* **Problem details**
No image is to be carried over; reproduce the rest of the listing word for word.

* **Records for processing**
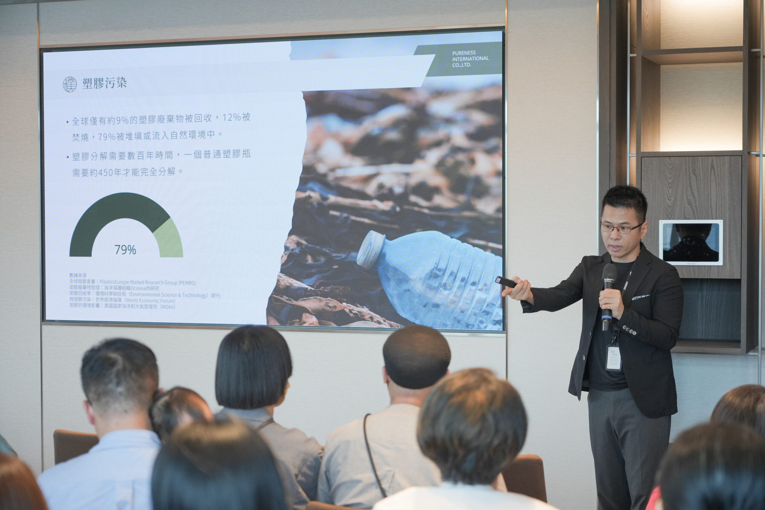研討會首先由樸真精油執行長 陳冠鈞 以開幕詞揭開序幕,介紹樸真的品牌服務、新原料開發、專利配方研究,以及上半年度發展的永續項目,並且推動環保瓶器的綠色研發,透過可分解的原料替代塑膠,達到減塑35%的成果,傳遞樸真在促進商業同時保護地球,實現環境與社會的共好。
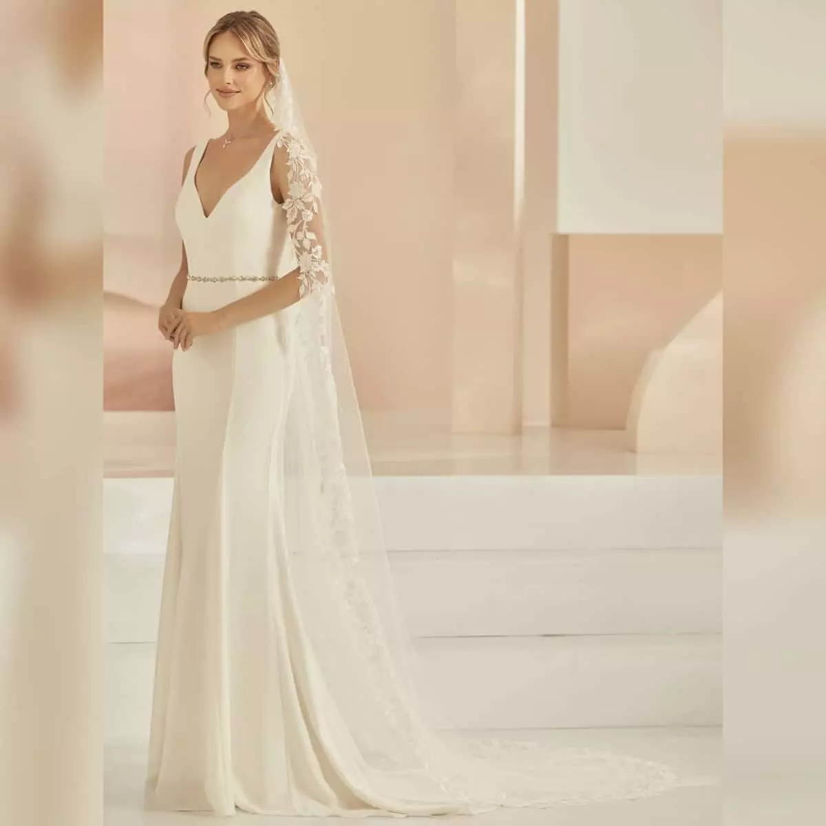 Der charmante Brautschleier S408 von Avalia (Bianco Evento) ist wie gemacht für Dein Brautkleid! Er kommt mit Spitzenkante daher und besteht aus hochwertigem Soft-Tüll und Spitze in der Farbe Ivory. Dieses einlagige Modell S408 fällt mit einer Länge von 250 cm etwas länger aus und schleppt elegant am Boden. Der eingearbeitete Haarkamm kann bequem in jede Kopffrisur gesteckt werden. Dieses Accessoire wurde entworfen und produziert in der Europäischen Union.
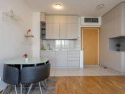 Apartman na dan DON VITO je luksuzni smeštaj na Novom Beogradu, sa lokacijom u novom delu bloka 45, nadomak popularne Piramide. Pred Vama je komforan i moderno uređen studio, preporučen za dvoje posetilaca. Kao apartman u novoj zgradi, ovaj stan se može pohvaliti novim nameštajem i pratećom opremom. Pored kvalitetnih materijala i besprekornog dizajna, primećujemo ukrasne predmete i efektnu zidnu aplikaciju. Spavaće akomodacije čini raskošan bračni krevet i udobna sofa koja može poslužiti kao dodatni ležaj. Na krevetu ćete pronaći uredno složen komplet čistih peškira. Pažnju zaokupljaju uzani kafe-stolić i šarmantne stolice trouglastog oblika. Jednako je zanimljiv i trpezarijski sto sa pridruženim ergonomskim stolicama. Na susednom zidu vidimo dve police sa simpatičnim ukrasima. Kuhinjski odeljak je sveden na kabinete, indukcionu plotnu i aparat za kafu, što je za potrebe kraćeg boravka sasvim adekvatno. Kupatilo je vrlo komotno, blistavo čisto i obrađeno kvalitetnom keramikom. Klasična kada, bojler, veš mašina i ugradne sanitarije spremne su za korišćenje. Dodajmo da apartman ima prostranu terasu sa pogledom na dinamični bulevar. Tapacirane stolice i kafe-stolić obećavaju prijatne trenutke uz ćaskanje i piće.
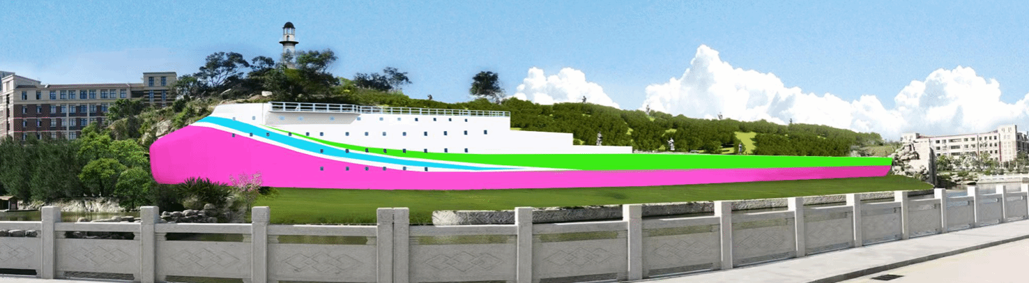在基地设计前期,董事会敏锐捕捉到原自然山体与船体造型相似的特征,提出依托自然山体现状形态,构建生态与人文和谐共生景观的设计思路。为使该景观设计深度契合学校文化内涵与师生审美需求,学校面向全体教职工广泛征集意见,最终敲定以“探索三号”科考船为原型进行景观打造。
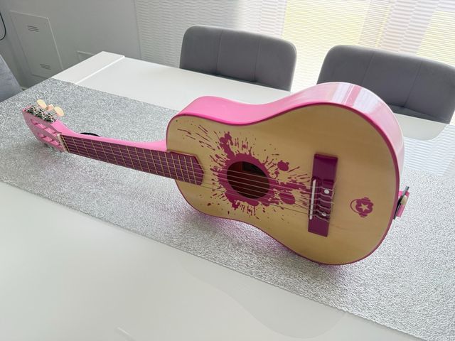 Chitarra per bambini, rosa con decorazioni. Perfetta per iniziare a suonare! - Chitarra acustica di piccole dimensioni. - Colore rosa con decorazioni a spruzzo rosa scuro. - Ideale per bambini.

* **Reply to the task**
研討會首先由樸真精油執行長 陳冠鈞 以開幕詞揭開序幕,介紹樸真的品牌服務、新原料開發、專利配方研究,以及上半年度發展的永續項目,並且推動環保瓶器的綠色研發,透過可分解的原料替代塑膠,達到減塑35%的成果,傳遞樸真在促進商業同時保護地球,實現環境與社會的共好。
 Der charmante Brautschleier S408 von Avalia (Bianco Evento) ist wie gemacht für Dein Brautkleid! Er kommt mit Spitzenkante daher und besteht aus hochwertigem Soft-Tüll und Spitze in der Farbe Ivory. Dieses einlagige Modell S408 fällt mit einer Länge von 250 cm etwas länger aus und schleppt elegant am Boden. Der eingearbeitete Haarkamm kann bequem in jede Kopffrisur gesteckt werden. Dieses Accessoire wurde entworfen und produziert in der Europäischen Union.
 Apartman na dan DON VITO je luksuzni smeštaj na Novom Beogradu, sa lokacijom u novom delu bloka 45, nadomak popularne Piramide. Pred Vama je komforan i moderno uređen studio, preporučen za dvoje posetilaca. Kao apartman u novoj zgradi, ovaj stan se može pohvaliti novim nameštajem i pratećom opremom. Pored kvalitetnih materijala i besprekornog dizajna, primećujemo ukrasne predmete i efektnu zidnu aplikaciju. Spavaće akomodacije čini raskošan bračni krevet i udobna sofa koja može poslužiti kao dodatni ležaj. Na krevetu ćete pronaći uredno složen komplet čistih peškira. Pažnju zaokupljaju uzani kafe-stolić i šarmantne stolice trouglastog oblika. Jednako je zanimljiv i trpezarijski sto sa pridruženim ergonomskim stolicama. Na susednom zidu vidimo dve police sa simpatičnim ukrasima. Kuhinjski odeljak je sveden na kabinete, indukcionu plotnu i aparat za kafu, što je za potrebe kraćeg boravka sasvim adekvatno. Kupatilo je vrlo komotno, blistavo čisto i obrađeno kvalitetnom keramikom. Klasična kada, bojler, veš mašina i ugradne sanitarije spremne su za korišćenje. Dodajmo da apartman ima prostranu terasu sa pogledom na dinamični bulevar. Tapacirane stolice i kafe-stolić obećavaju prijatne trenutke uz ćaskanje i piće.
在基地设计前期,董事会敏锐捕捉到原自然山体与船体造型相似的特征,提出依托自然山体现状形态,构建生态与人文和谐共生景观的设计思路。为使该景观设计深度契合学校文化内涵与师生审美需求,学校面向全体教职工广泛征集意见,最终敲定以“探索三号”科考船为原型进行景观打造。
 Chitarra per bambini, rosa con decorazioni. Perfetta per iniziare a suonare! - Chitarra acustica di piccole dimensioni. - Colore rosa con decorazioni a spruzzo rosa scuro. - Ideale per bambini.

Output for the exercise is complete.